• MATERIAL PROVIDED
---*---
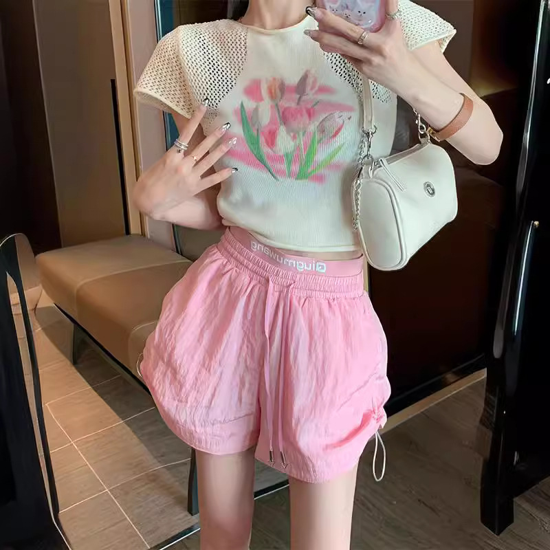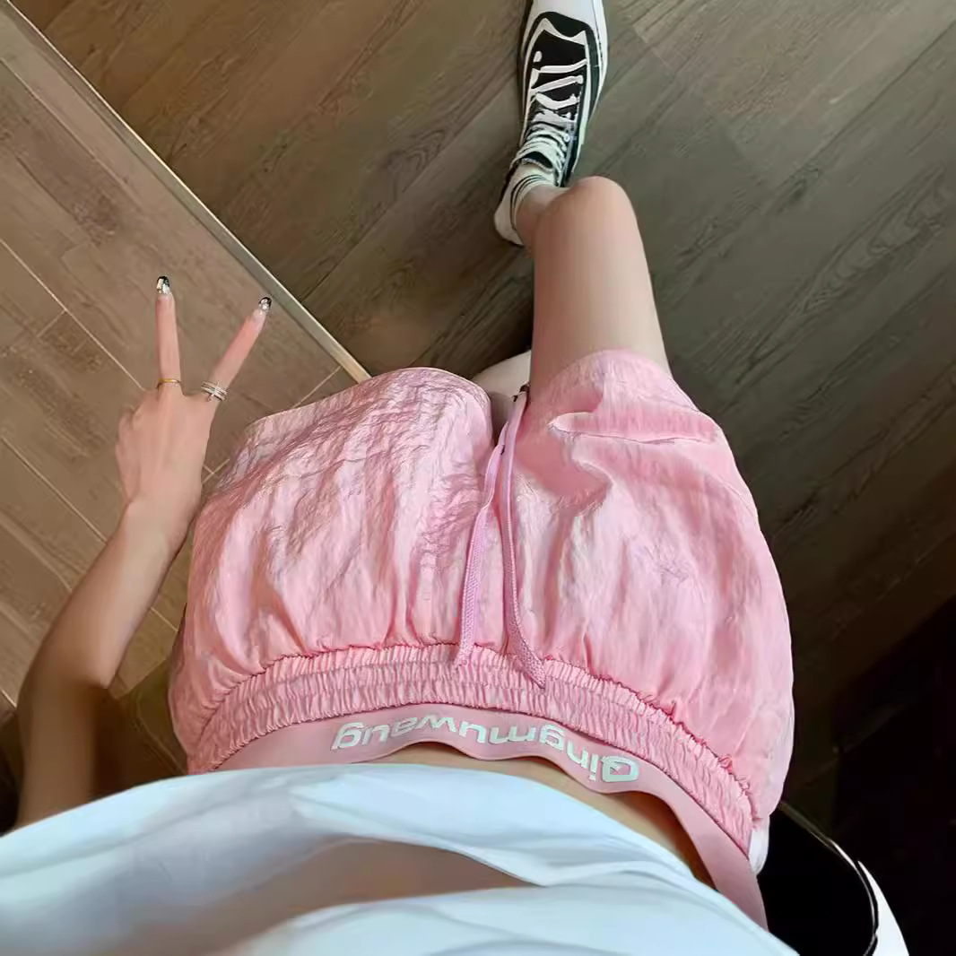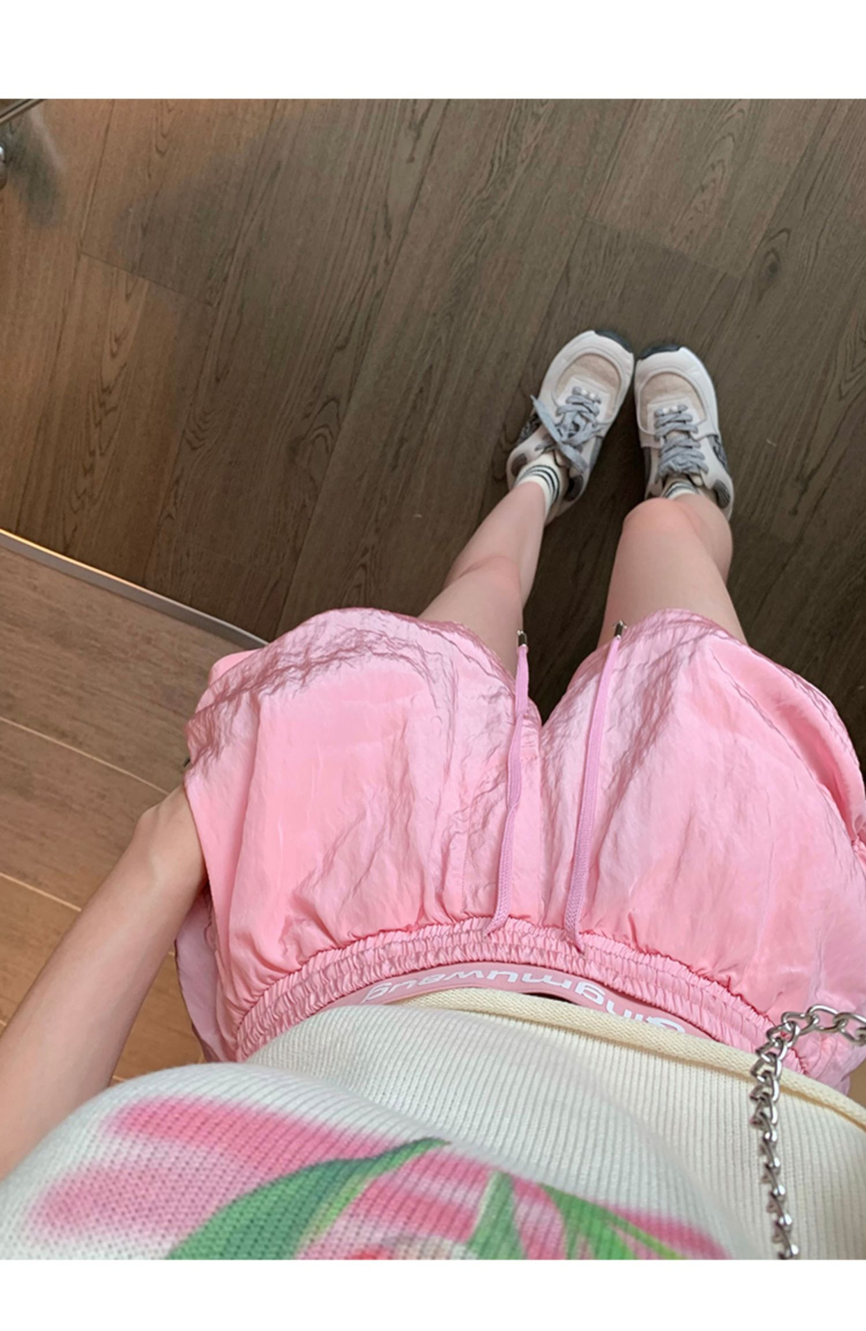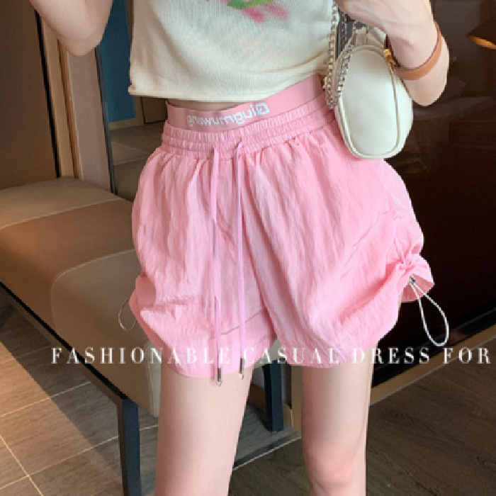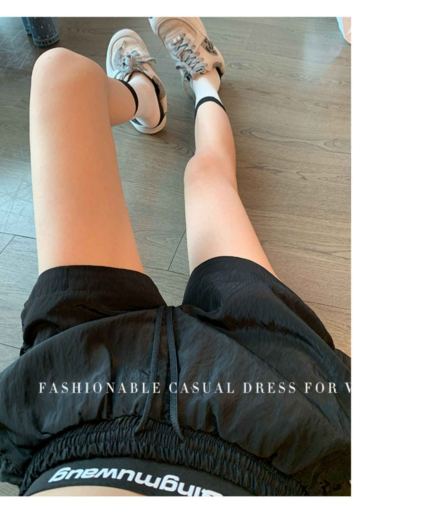 黑色休闲短裤女夏季新款高腰宽松设计感阔腿裤小个子抽绳热裤
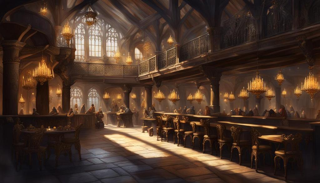 It is well lit with expensively crafted windows that sing of the guilds prosperity and renown. There mezzanine above the general hall has smaller more intimate chairs where people could discuss business with clients or each other if they wanted to have a more private word.
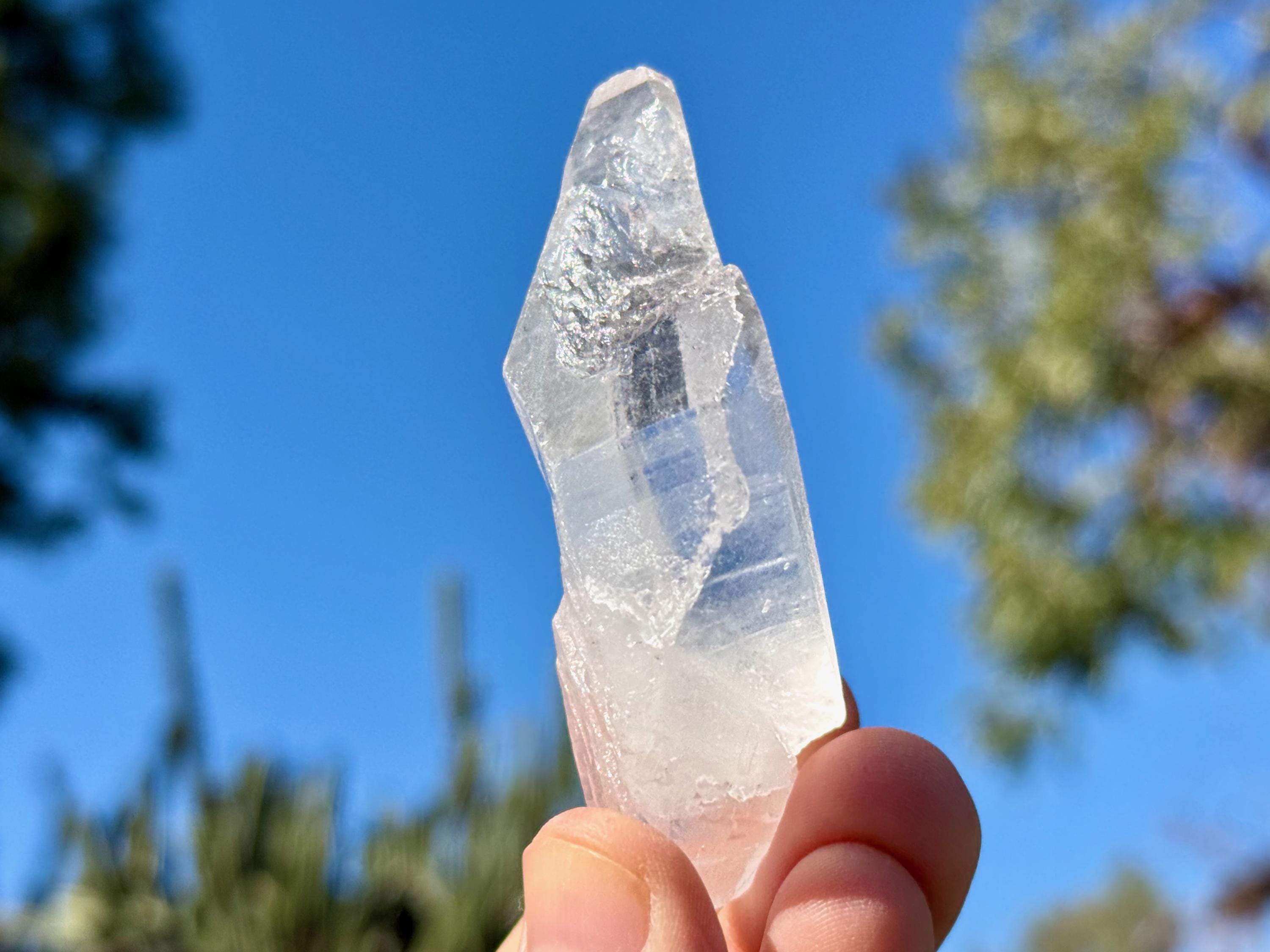 Lemurian Quartz resonates with all chakras, but primarily the Crown Chakra. It has one of the highest vibrations of any crystal and is a beautiful companion for meditation and to realign energies in the body. It can assist in clearing blockages in one's energy field and/or chakras, dispelling heavy energies from the body. If there is stagnant energy in the body, it can help to increase Prana (life force) energy to get things moving properly again. Meditating with Lemurian Crystals can allow us to connect with higher-dimensional spirit guides and connect to Divine realms, as well as to decode the information they contain within.
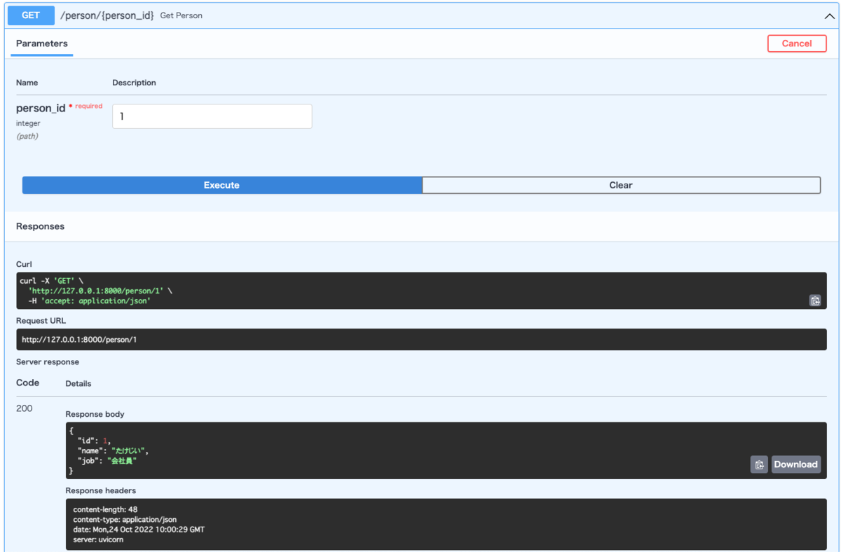 発番したidをつかって先ほどGET /person/{person_id} で使っていたPersonインスタンスの形で返すようにしています。
---*---
Give back the full listing exactly, with pictures dropped.

 黑色休闲短裤女夏季新款高腰宽松设计感阔腿裤小个子抽绳热裤
 It is well lit with expensively crafted windows that sing of the guilds prosperity and renown. There mezzanine above the general hall has smaller more intimate chairs where people could discuss business with clients or each other if they wanted to have a more private word.
 Lemurian Quartz resonates with all chakras, but primarily the Crown Chakra. It has one of the highest vibrations of any crystal and is a beautiful companion for meditation and to realign energies in the body. It can assist in clearing blockages in one's energy field and/or chakras, dispelling heavy energies from the body. If there is stagnant energy in the body, it can help to increase Prana (life force) energy to get things moving properly again. Meditating with Lemurian Crystals can allow us to connect with higher-dimensional spirit guides and connect to Divine realms, as well as to decode the information they contain within.
 発番したidをつかって先ほどGET /person/{person_id} で使っていたPersonインスタンスの形で返すようにしています。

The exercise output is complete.